Introduction
Mass appraisals in the rental housing market are far less common than those in the sales market. However, there is evidence for substantial growth in the rental market and this lack of insight hampers commercial organisations and local and national governments in understanding this market.
Case description
This case study uses data that are supplied from a property listings web site and are unique in their scale, with over 1.2 million rental property listings available over a 2 year period. The data is analysed in a large data institute using generalised linear regression, machine learning and a pseudo practitioner based approach.
Discussion and evaluation
The study should be seen as a practical guide for property professionals and academics wishing to undertake such appraisals and looking for guidance on the best methods to use.
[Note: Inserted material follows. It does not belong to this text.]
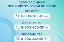 Минпросвещения и Минобрнауки России запустили горячую линию психологической помощи.
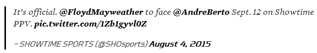 现任世界职业拳击P4P之王“金钱”弗洛伊德·梅威瑟(Floyd Mayweather)的下一场比赛终于敲定。先是之前梅威瑟通过个人推特透露消息,到今天Showtime Sports泰拳通过拳击官方推特宣布梅威瑟下一场比赛将对阵前WBC次中量级拳王安德雷·贝托(Andre Berto),时间是今年的9月12日(北京时间9月13日)地点在美国拉斯维加斯米高梅大酒店。

It also provides insight into the property characteristics which most influence rental listing price.
Conclusions
From the regression analysis, attributes that increase the rental listing price are: the number of rooms in the property, proximity to central London and to railway stations, being located in more affluent neighbourhoods and being close to local amenities and better performing schools. Of the machine learning algorithms used, the two tree based approaches were seen to outperform the regression based approaches. In terms of a simple measure of the median appraisal error, a practitioner based approach is seen to outperform the modelling approaches. A practical finding is that the application of sophisticated machine learning algorithms to big data is still a challenge for modern desktop PCs.